ENTRIES PROVIDED START

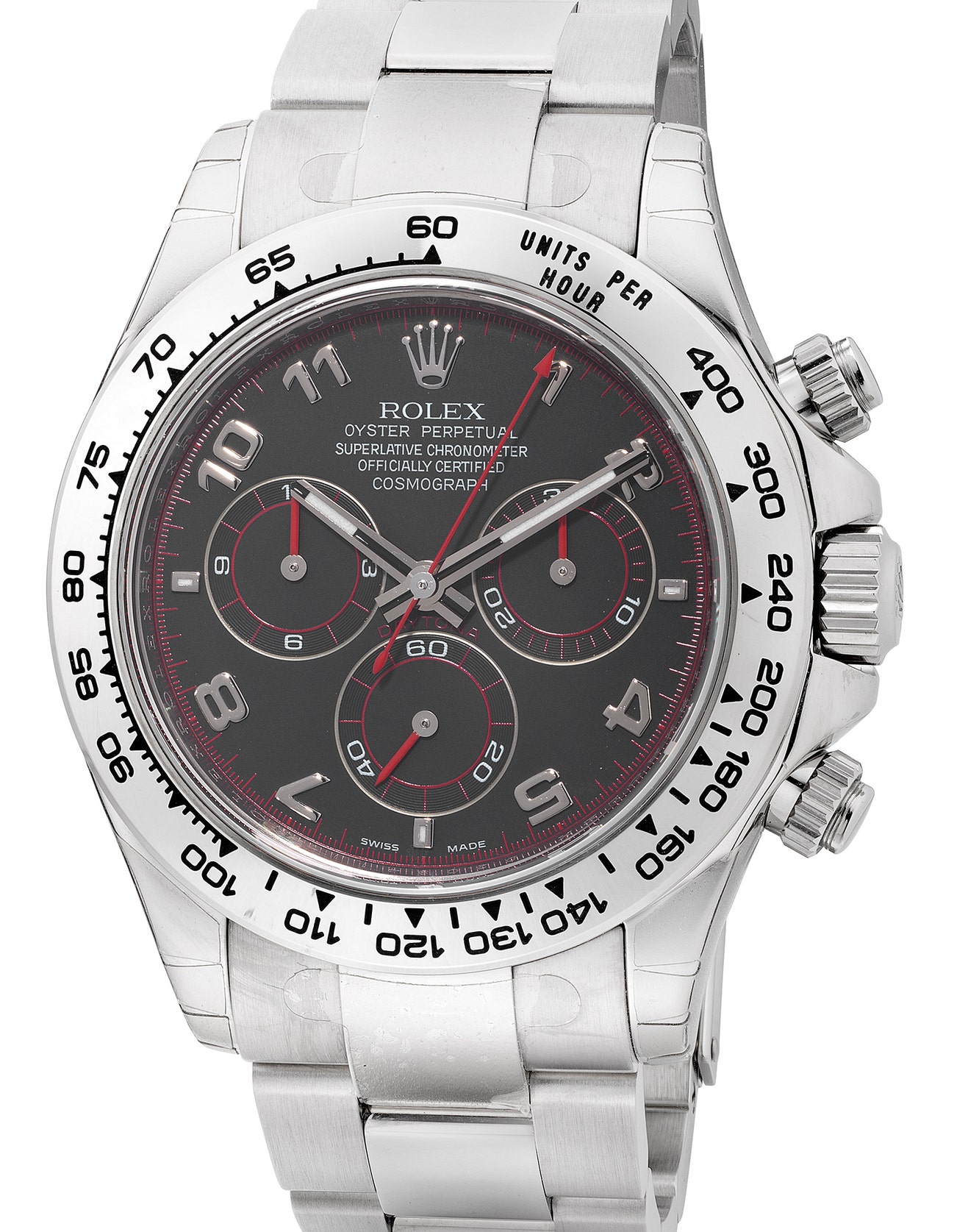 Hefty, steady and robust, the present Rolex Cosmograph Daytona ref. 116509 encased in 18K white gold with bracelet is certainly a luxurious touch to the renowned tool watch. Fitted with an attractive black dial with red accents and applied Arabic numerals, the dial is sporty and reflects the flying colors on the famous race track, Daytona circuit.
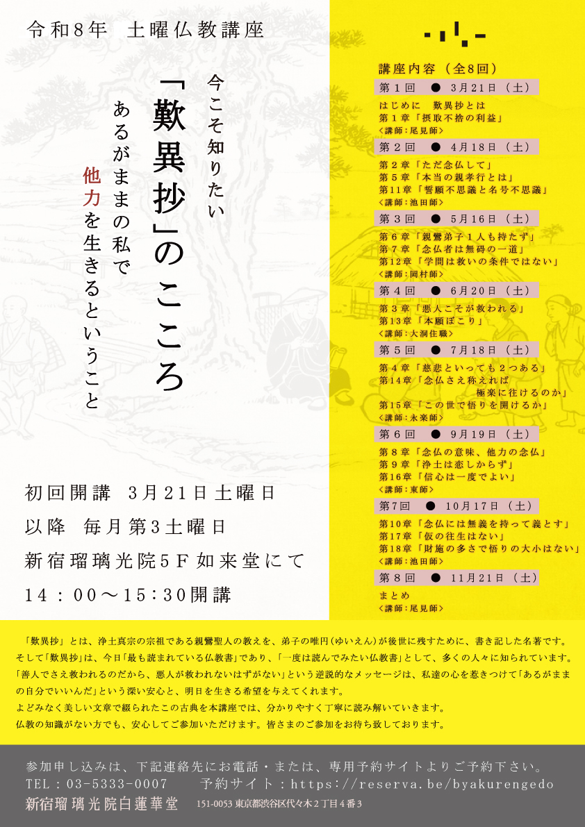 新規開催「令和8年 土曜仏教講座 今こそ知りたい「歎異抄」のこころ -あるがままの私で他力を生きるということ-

ENTRIES PROVIDED END
ENTRIES PROVIDED START

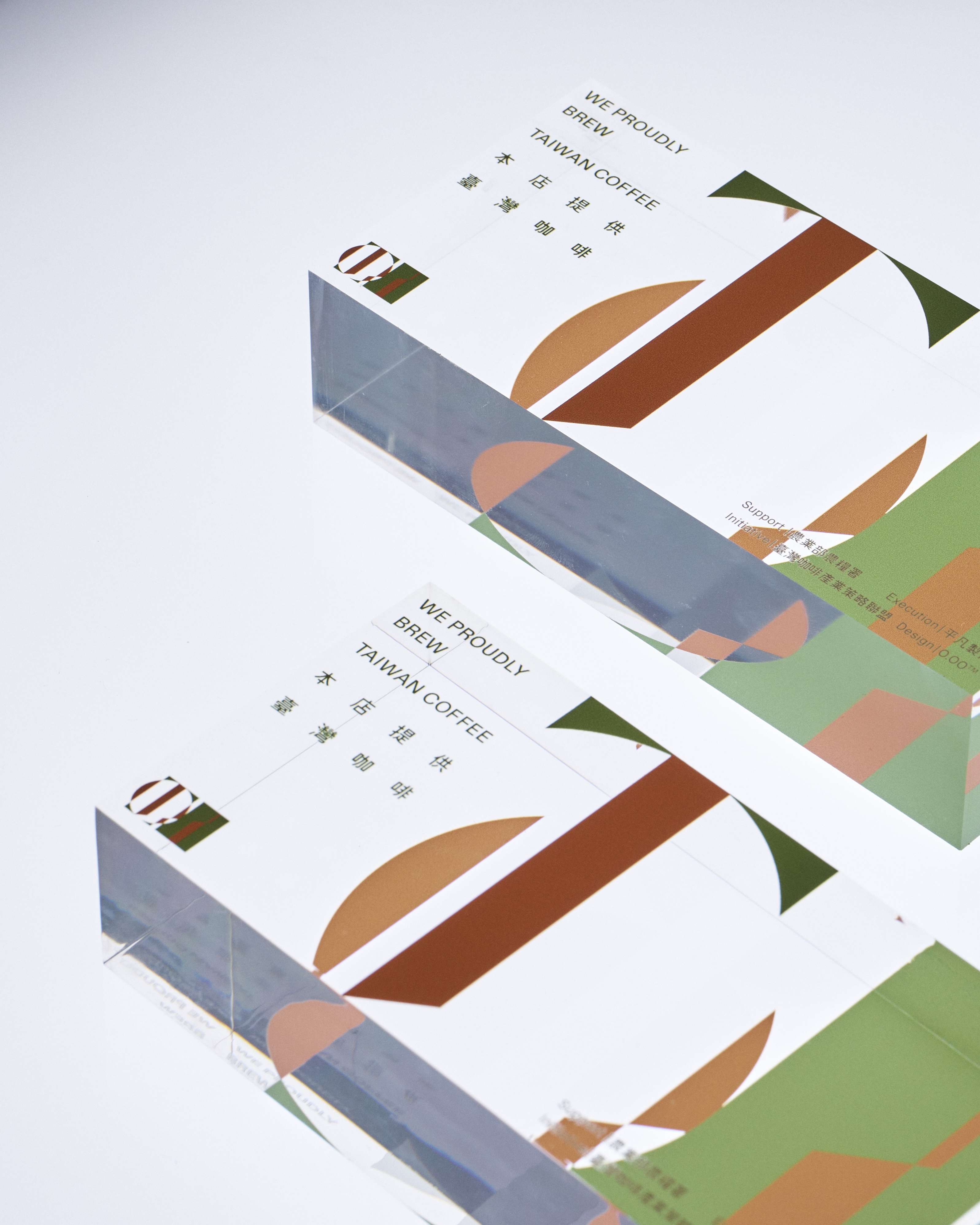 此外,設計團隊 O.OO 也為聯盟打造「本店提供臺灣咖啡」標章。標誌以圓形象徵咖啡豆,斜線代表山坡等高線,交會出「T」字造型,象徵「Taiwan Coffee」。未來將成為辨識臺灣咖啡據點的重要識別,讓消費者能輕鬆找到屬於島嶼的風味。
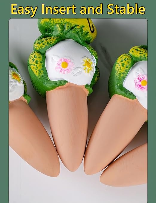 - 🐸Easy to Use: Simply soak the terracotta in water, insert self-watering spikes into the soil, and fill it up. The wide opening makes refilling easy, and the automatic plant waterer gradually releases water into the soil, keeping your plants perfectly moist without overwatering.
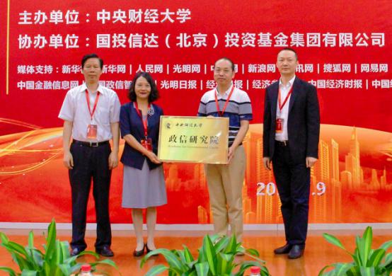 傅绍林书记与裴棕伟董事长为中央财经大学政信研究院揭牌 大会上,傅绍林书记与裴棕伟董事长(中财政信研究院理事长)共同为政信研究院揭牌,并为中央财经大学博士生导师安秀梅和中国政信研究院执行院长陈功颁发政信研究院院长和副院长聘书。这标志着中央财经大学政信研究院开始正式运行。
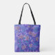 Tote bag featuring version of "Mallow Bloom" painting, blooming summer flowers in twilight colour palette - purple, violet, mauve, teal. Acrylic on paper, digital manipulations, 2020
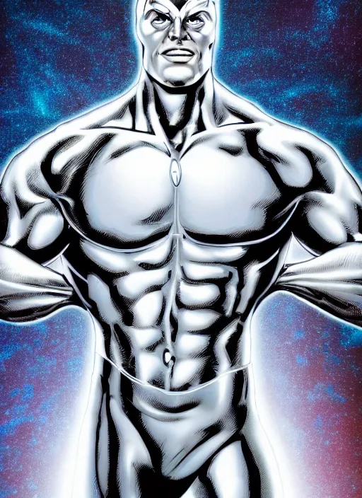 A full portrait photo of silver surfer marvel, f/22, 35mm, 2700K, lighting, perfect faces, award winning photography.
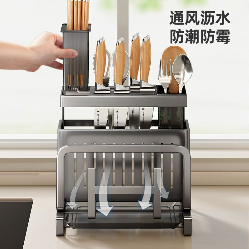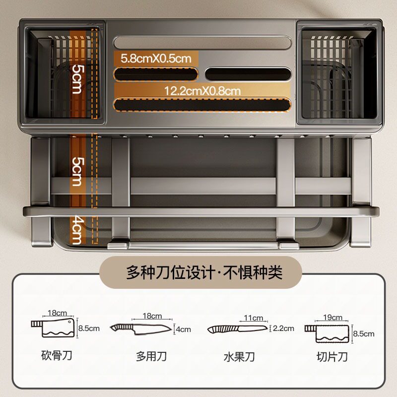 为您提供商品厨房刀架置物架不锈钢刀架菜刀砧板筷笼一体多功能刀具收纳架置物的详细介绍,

ENTRIES PROVIDED END

Once the line with "A full portrait" has been found above, output that line and every later line exactly, stopping after the line with "为您提供商品厨房刀架置物架不", and omit the pictures.

 A full portrait photo of silver surfer marvel, f/22, 35mm, 2700K, lighting, perfect faces, award winning photography.
 为您提供商品厨房刀架置物架不锈钢刀架菜刀砧板筷笼一体多功能刀具收纳架置物的详细介绍,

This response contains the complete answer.